Open erindiel opened 3 months ago

erindiel commented 3 months ago

This notebook summarizes available conversion tools that rely on Bio-Formats for reading and writing various file formats. Specifically, it includes sample commands for converting using bfconvert and bioformats2raw, as well as a description of scenarios where one tool might be preferred over the other.

Sample data comes primarily from IDC. There are examples of both reading and writing DICOM. Are there other preferred datasets or methods for getting this data than what is used here?

This notebook can be run in Google Colab or it can be run locally; however, commands like wget will not work on Windows, so some sections will not be testable locally by Windows users. Is this acceptable?

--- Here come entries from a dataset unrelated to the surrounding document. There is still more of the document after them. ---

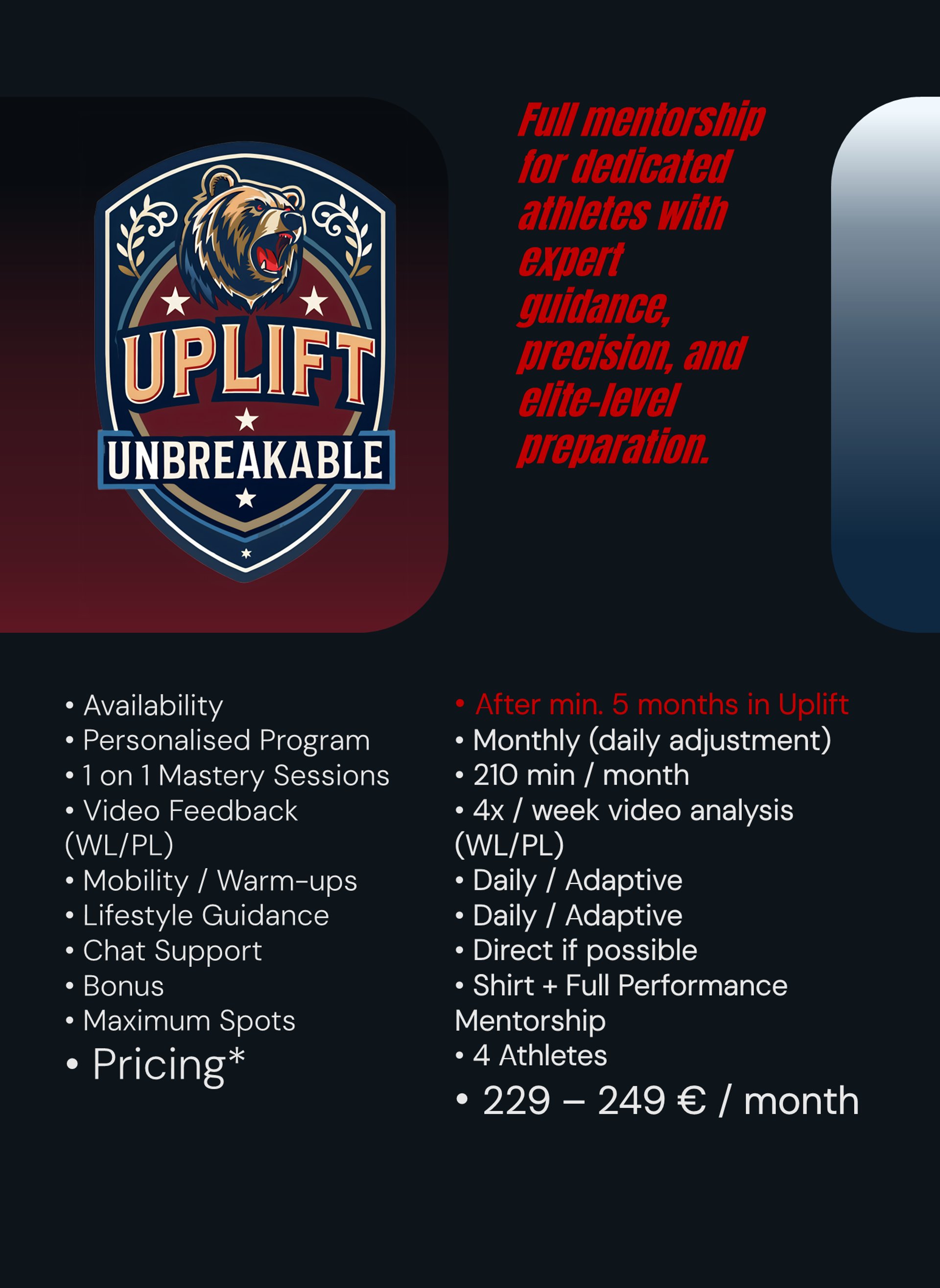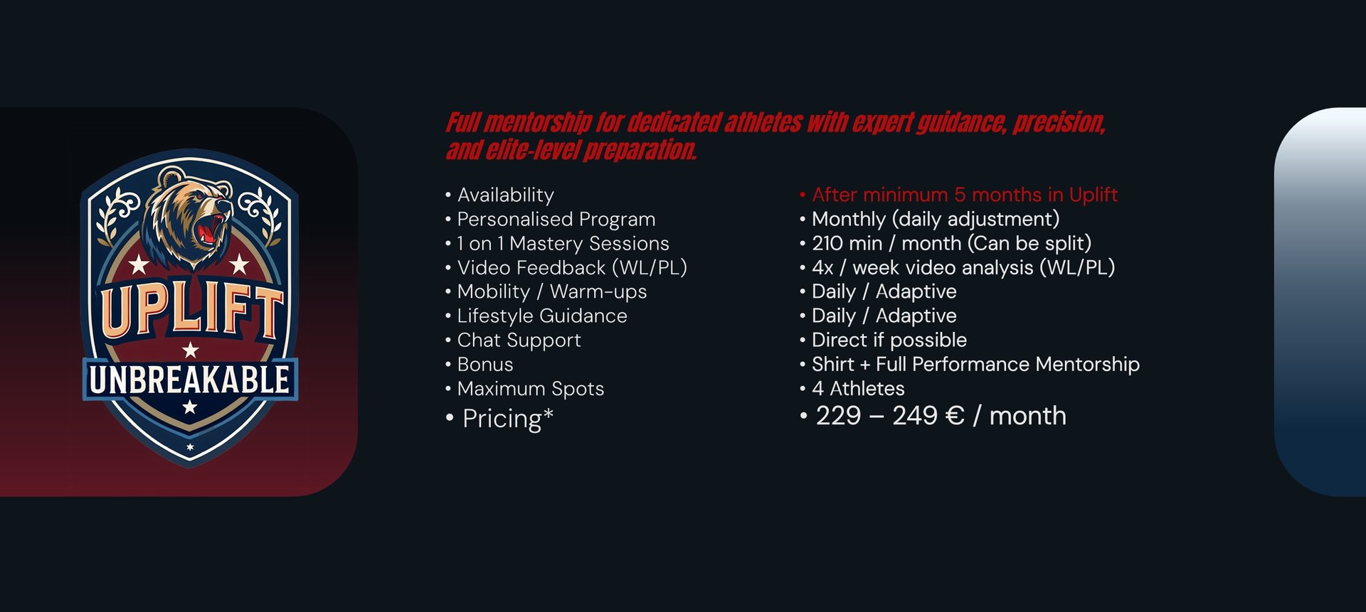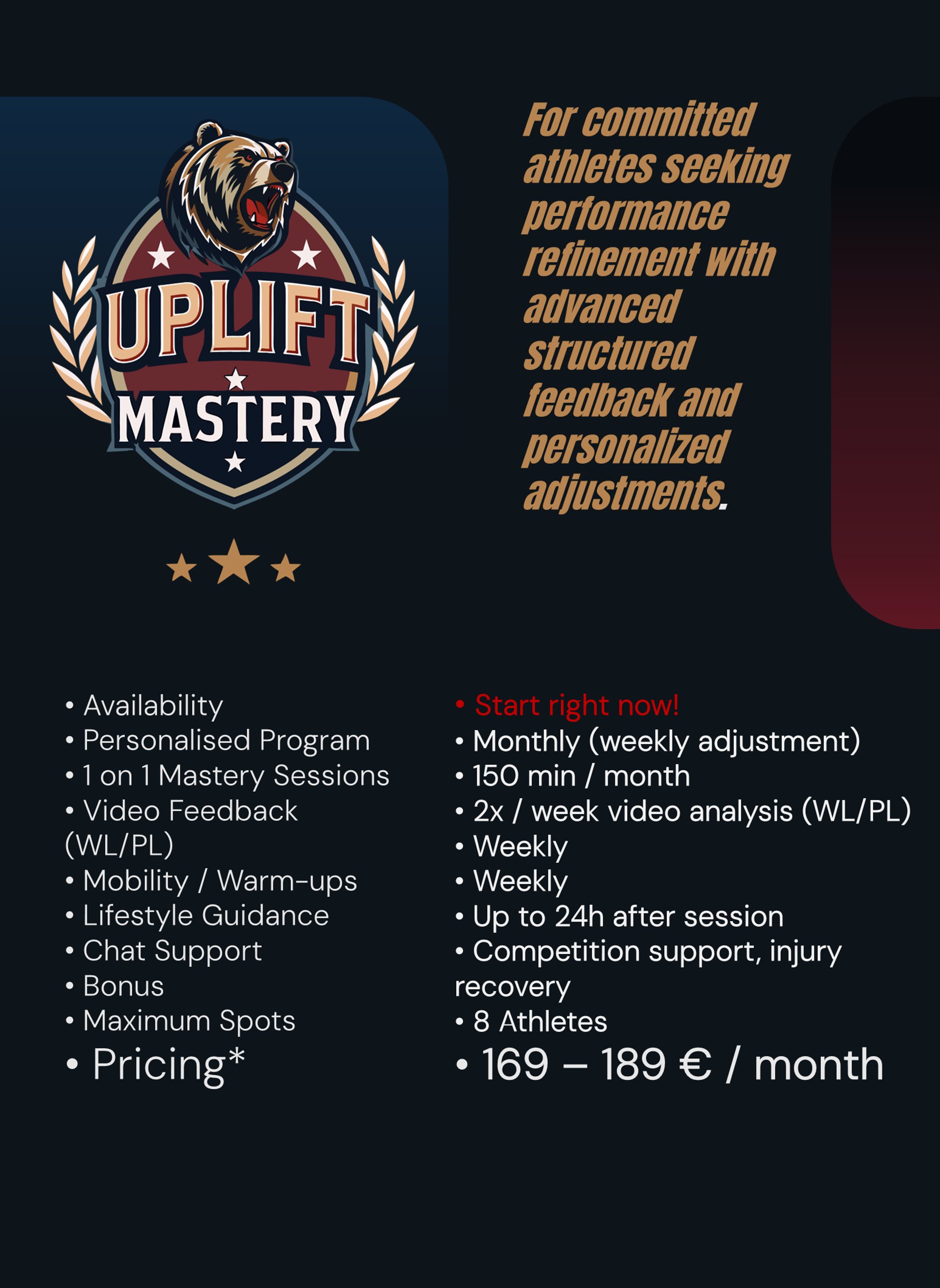 Full Performance Mentorship* - Personal guidance to help you reach your peak — technically, physically, and mentally. Your training, recovery, and progress are closely monitored, with adjustments and feedback to ensure you achieve your best safely and effectively.
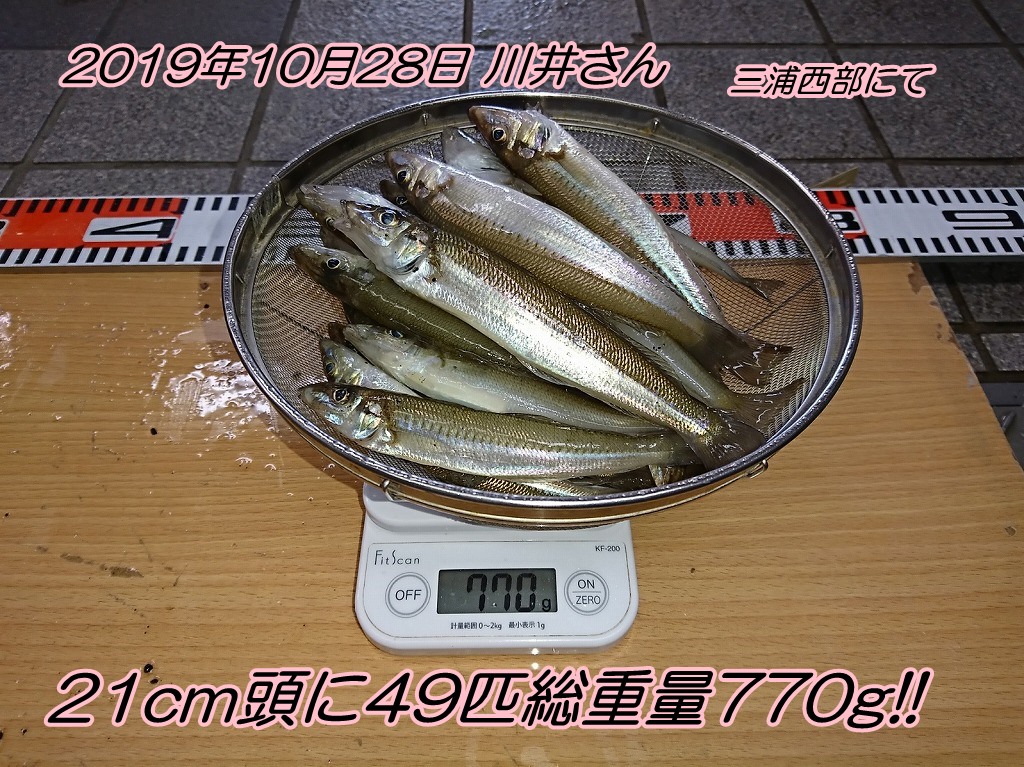 ■コメント:この秋も好調が続く川井さん。今日も49匹総重量770gのシロギスをゲットしました。ピンギスに加えてフグやベラも元気一杯で我慢の釣りとなりましたが、狙い通り、後半にサイズをアップさせました。おめでとうございます!
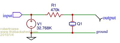 i wanted to look at ways to use a micromite to measure the frequency of a 32kHz watch crystal, using the minimum number of components. if the micromite can measure the crystal frequency, the result will provide a correction factor for the onboard RC oscillator and allow improved timing. it will not be perfect, but for many applications will be ok.
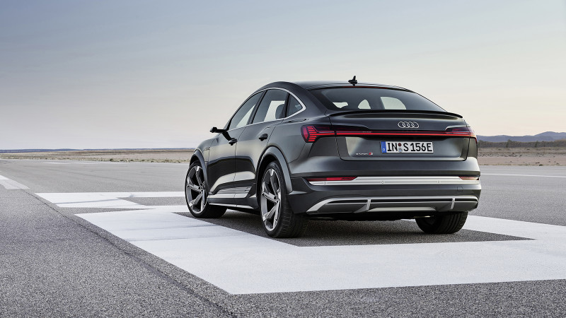A grande bateria de alta tensão – que permite uma autonomia de até 380 km no ciclo WLTP – garante uma distribuição equilibrada do peso e é instalada em uma posição baixa comparável à dos três motores elétricos. Isso diminui o centro de gravidade do carro, o que oferece grandes vantagens em termos de condução dinâmica. A direção progressiva, cuja relação se torna cada vez mais direta à medida que o movimento da direção aumenta, enfatiza o caráter esportivo. A suspensão a ar adaptativa tem afinação esportiva e o sistema Audi drive select oferece sete modos de condução – dependendo do modo selecionado ele acessa a suspensão com amortecimento regulado e pode variar a altura do solo em até 76 milímetros.
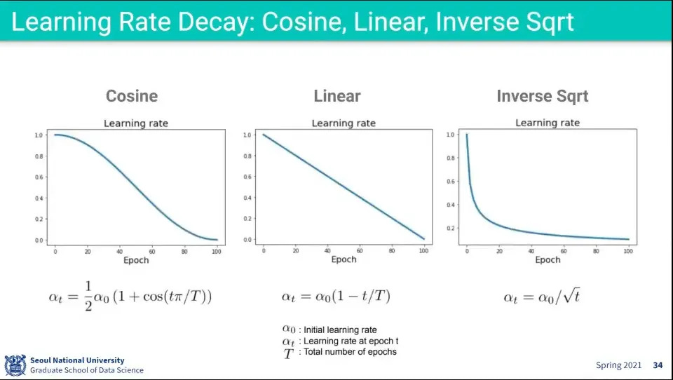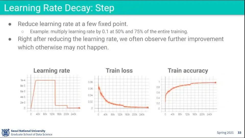 Initial Learning rate는 모델과 데이터셋에 맞게 적용해야 함
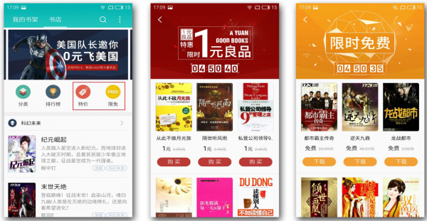 作为Flyme的“后起之秀”,“读书”在给用户送福利方面也不甘落后,推出了“1元良品限时特惠”“限时免费”等活动,简单而直接地让喜爱读书的用户受益。
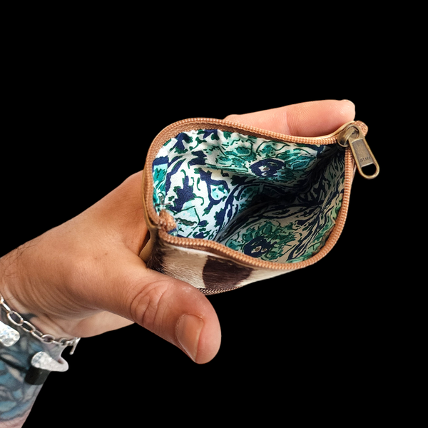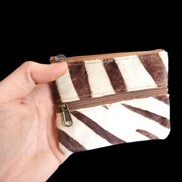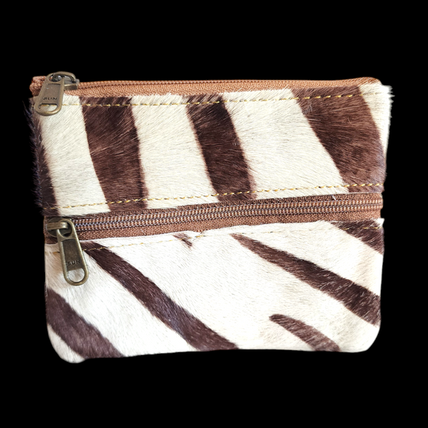 Genuine Leather & Cow Hair Double Zip Coin Purse - Brown / White
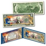 This SERENITY PRAYER uncirculated $2 Bill is Genuine Authentic Legal Tender of the United States. The full colorized images are accomplished through a revolutionary new authentic & genuine colorization process pioneered by The Merrick Mint, creating a collectible work of art. Each bill comes displayed in a blue folio with a Certificate of Authenticity to guarantee that your bills are authentic and recognized by every monetary authority around the world, therefore assuring its Collector Edition status. Each $2 Bill is in FRESH, CRISP, UNCIRCULATED condition, and was directly removed from untouched wrapped Federal Reserve sealed packs. Former U.S. President Thomas Jefferson is featured on the obverse of the note, along with the special colorization overlay. The Signing of the Declaration of Independence by John Trumbull is featured on the reverse. It is the only U.S. Currency note that features two Presidents, John Adams and Thomas Jefferson, and it is one of the most rarely seen BILLS in circulation and actual use.

cc @melissalinkert @dclunie @fedorov

review-notebook-app[bot] commented 3 months ago

Check out this pull request on  ReviewNB

See visual diffs & provide feedback on Jupyter Notebooks.


Powered by ReviewNB

fedorov commented 1 month ago

@erindiel @melissalinkert I started my review, and did some minor improvements to simplify access to data from IDC. You can find my edits here: https://colab.research.google.com/drive/1gkJpKr1cL5R4uEQkQtFE0UPGxtiJHXk_?usp=sharing.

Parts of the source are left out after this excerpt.